-2

I have a program to read in a file which contain latin words such as "\xed". These latin words can appear anywhere in between any line, as such I have program parsing these character. Is there any library that can do so?

chj
  • 91
  • 9

2 Answers2

0

The simple way I often do is InputStreamReader with "UTF8" format. For example:

         try {
            File fileDir = new File("c:/temp/sample.txt");

            BufferedReader in = new BufferedReader(
                    new InputStreamReader(
                            new FileInputStream(fileDir), "UTF8"));

            String str;

            while ((str = in.readLine()) != null) {
                System.out.println(str);
            }

            in.close();
        } 
        catch (UnsupportedEncodingException e) 
        {
            System.out.println(e.getMessage());
        } 
        catch (IOException e) 
        {
            System.out.println(e.getMessage());
        }
        catch (Exception e)
        {
            System.out.println(e.getMessage());
        }
Kenny Tai Huynh
  • 1,464
  • 2
  • 11
  • 23
0

If you mean that the text is in bytes and you have a byte with the hex value ED, then the interpretation of that byte depends on your code page.

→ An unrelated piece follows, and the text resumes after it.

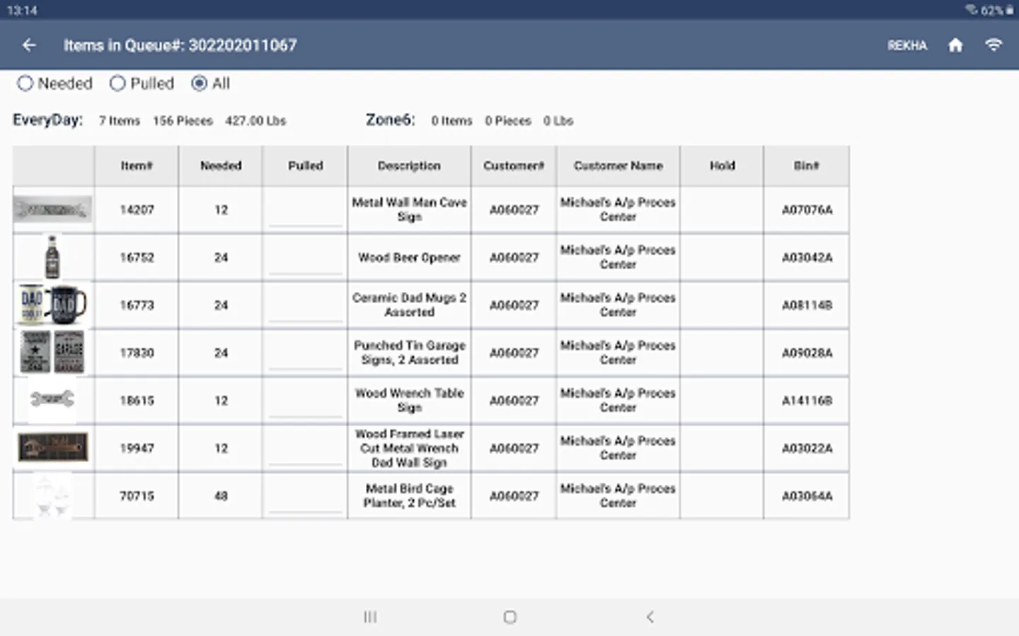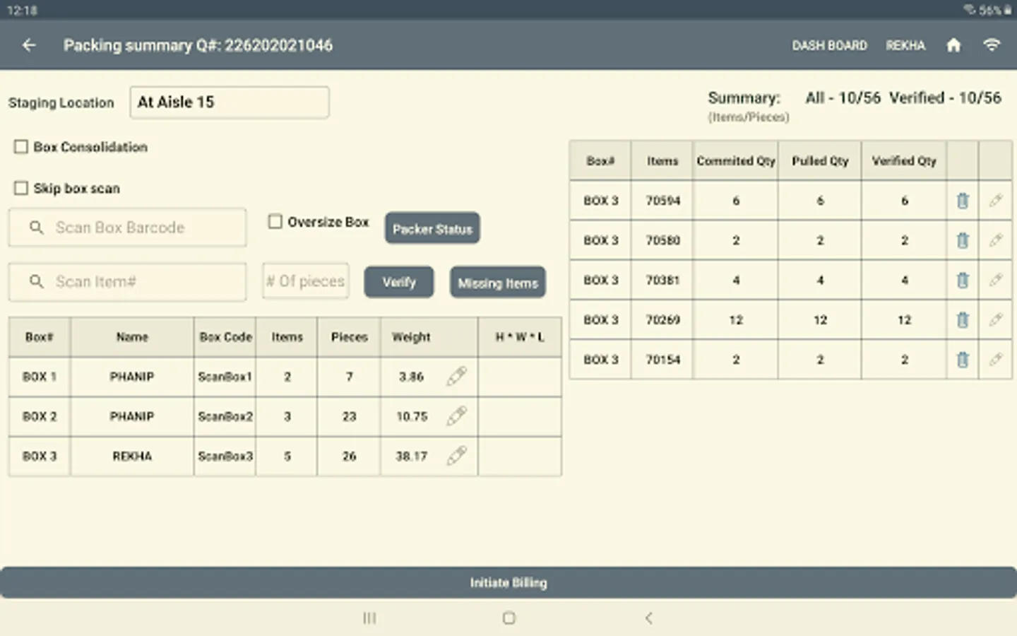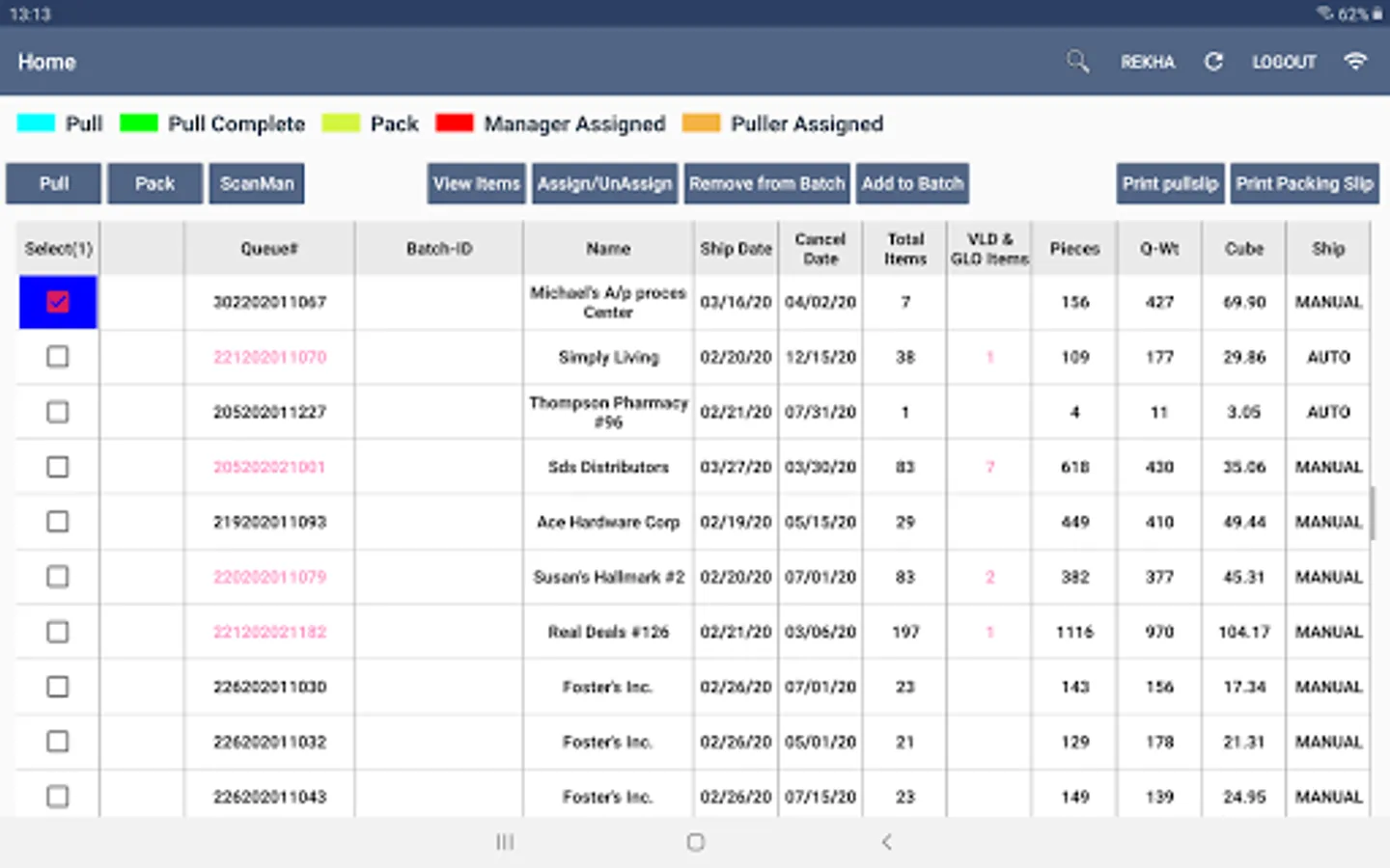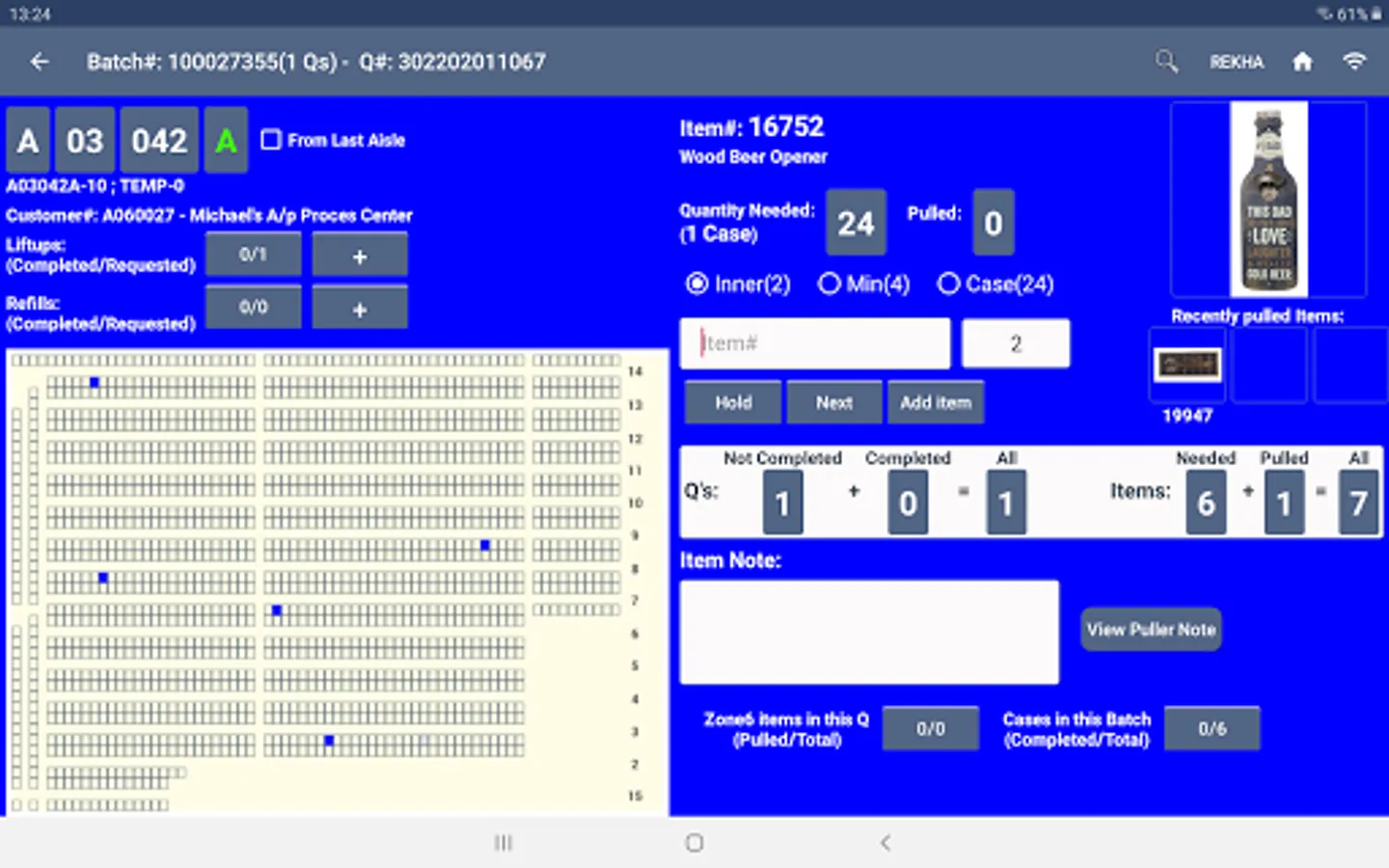 This app is created for warehouse pullers that allow them to pull and pack the items for an order. It gives information about the orders to be pulled, the list of items

Java stores all String's internally in UTF-16. This means that a code page conversion is pretty much always applied when reading and writing file (UTF-16 is not a common file encoding).

By default, Java will use the platform default character set. If this is not the correct one, you have to specify the Charset to use.

As an example of the problem, byte ED is:

  • ISO-8859-1: í (unicode 00ED) US Windows
  • Windows-1251: н (unicode 043D) Russian
  • Code page 437: φ (unicode 03C6) US Windows command-line (Win 7)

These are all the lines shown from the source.